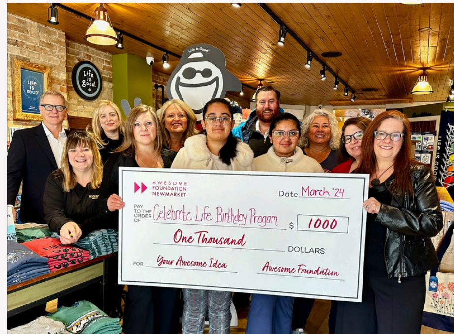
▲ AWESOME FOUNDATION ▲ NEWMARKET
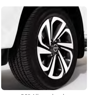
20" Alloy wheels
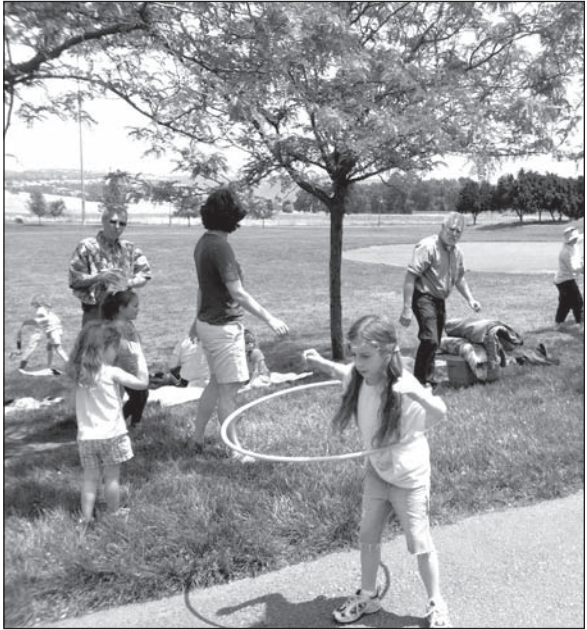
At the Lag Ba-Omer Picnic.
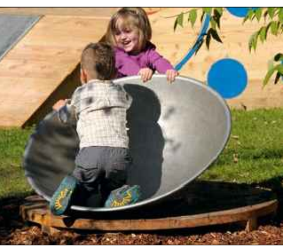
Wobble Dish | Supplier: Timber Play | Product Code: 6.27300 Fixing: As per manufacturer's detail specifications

* **Task brief**
With images omitted, retype the data word for word.

* **Exercise response**
▲ AWESOME FOUNDATION ▲ NEWMARKET
20" Alloy wheels
At the Lag Ba-Omer Picnic.
Wobble Dish | Supplier: Timber Play | Product Code: 6.27300 Fixing: As per manufacturer's detail specifications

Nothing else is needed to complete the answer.